July 12, 2010
Publication in molecular and cellular proteomics (MCP)
Good DM, Zürbig P, Argilés A, Bauer HW, Behrens G, Coon JJ, Dakna M, Decramer S, Delles C, Dominiczak AF, Ehrich JHH, Eitner F, Fliser D, Frommberger M, Ganser A, Girolami MA, Golovko I, Gwinner W, Haubitz M, Herget-Rosenthal S, Jankowski J, Jahn H, Jerums G, Julian BA, Kellmann M, Kliem V, Kolch W, Krolewski AS, Luppi M, Massy Z, Melter M, Neusüss C, Novak J, Peter K, Rossing K, Rupprecht H , Schanstra JP, Schiffer E, Stolzenburg JU, Tarnow L, Theodorescu D, Thongboonkerd V, Vanholder R, Weissinger EM, Mischak H, Schmitt-Kopplin P
Naturally occurring human urinary peptides for use in diagnosis of chronic kidney disease.
MCP 2010 Jul
Urine is an attractive source for clinical proteomics/peptidomics.

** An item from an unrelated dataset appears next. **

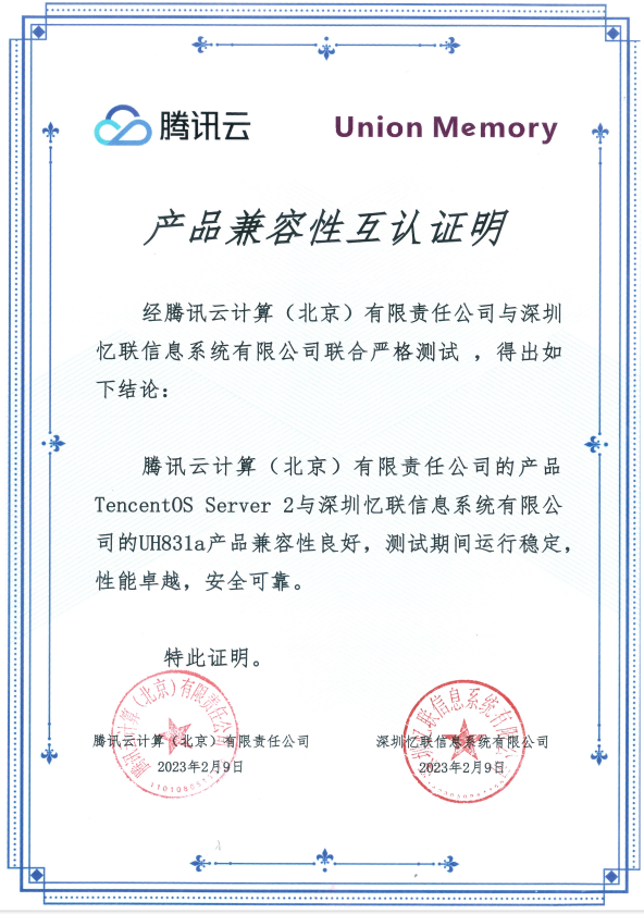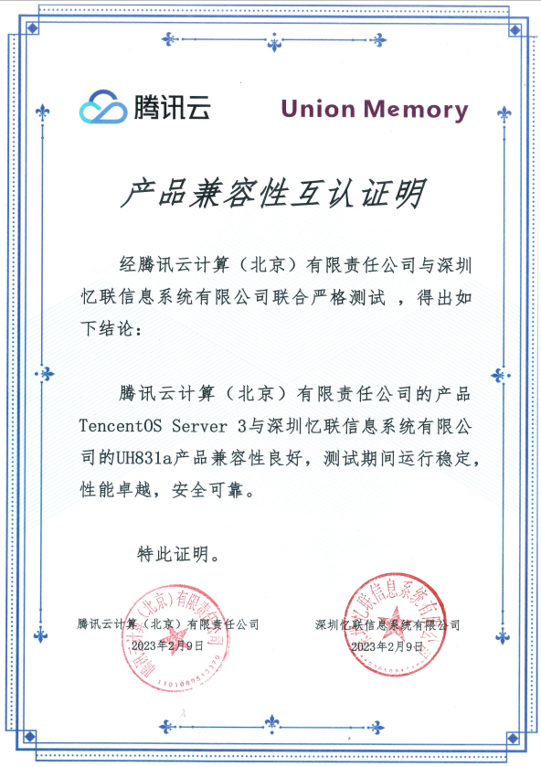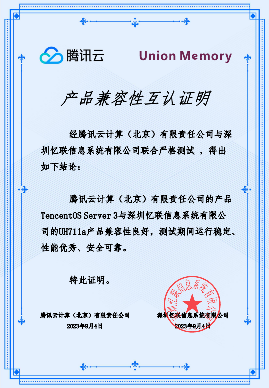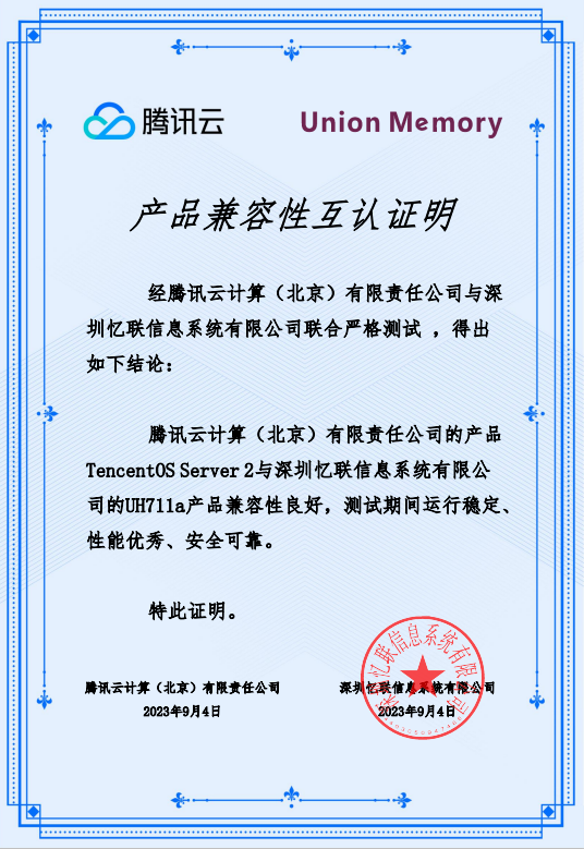 近日,憶聯(lián)企業(yè)級SSD產(chǎn)品UH811a / UH831a和憶聯(lián)數(shù)據(jù)中心級SSD產(chǎn)品UH711a與騰訊云操作系統(tǒng)完成產(chǎn)品兼容性互認(rèn)證明。在聯(lián)合測試環(huán)節(jié),UH811a / UH831a 和 UH711a與 TencentOS Server 3和TencentOS Server 2 的兼容性表現(xiàn)良好,測試期間運行穩(wěn)定、性能優(yōu)秀、安全可靠,可滿足用戶在TencentOS Server 系統(tǒng)下的各項應(yīng)用請求,最終成功與兩大操作系統(tǒng)獲得產(chǎn)品兼容性互認(rèn)證明。

Due to the lack of comparable data sets from large cohorts, the development of clinical proteomics was yet greatly hindered. In this publication the establishment of a reproducible, high-resolution method for peptidome analysis of naturally occurring human urinary peptides and proteins using samples from 3,600 individuals analyzed by capillary electrophoresis coupled to mass spectrometry (CE-MS) is reported. All processed data being stored in a database (currently 5,010 urinary peptides) serve as a pool of potential classifiers for diagnosis and monitoring of various diseases. Using this information, the authors were able to define urinary peptide biomarkers for chronic kidney diseases (CKD) allowing diagnosis of these diseases with high accuracy (85.5% sensitivity and 100% specificity). These results indicate the potential usefulness of CE-MS for clinical applications in the analysis of naturally occurring urinary peptides.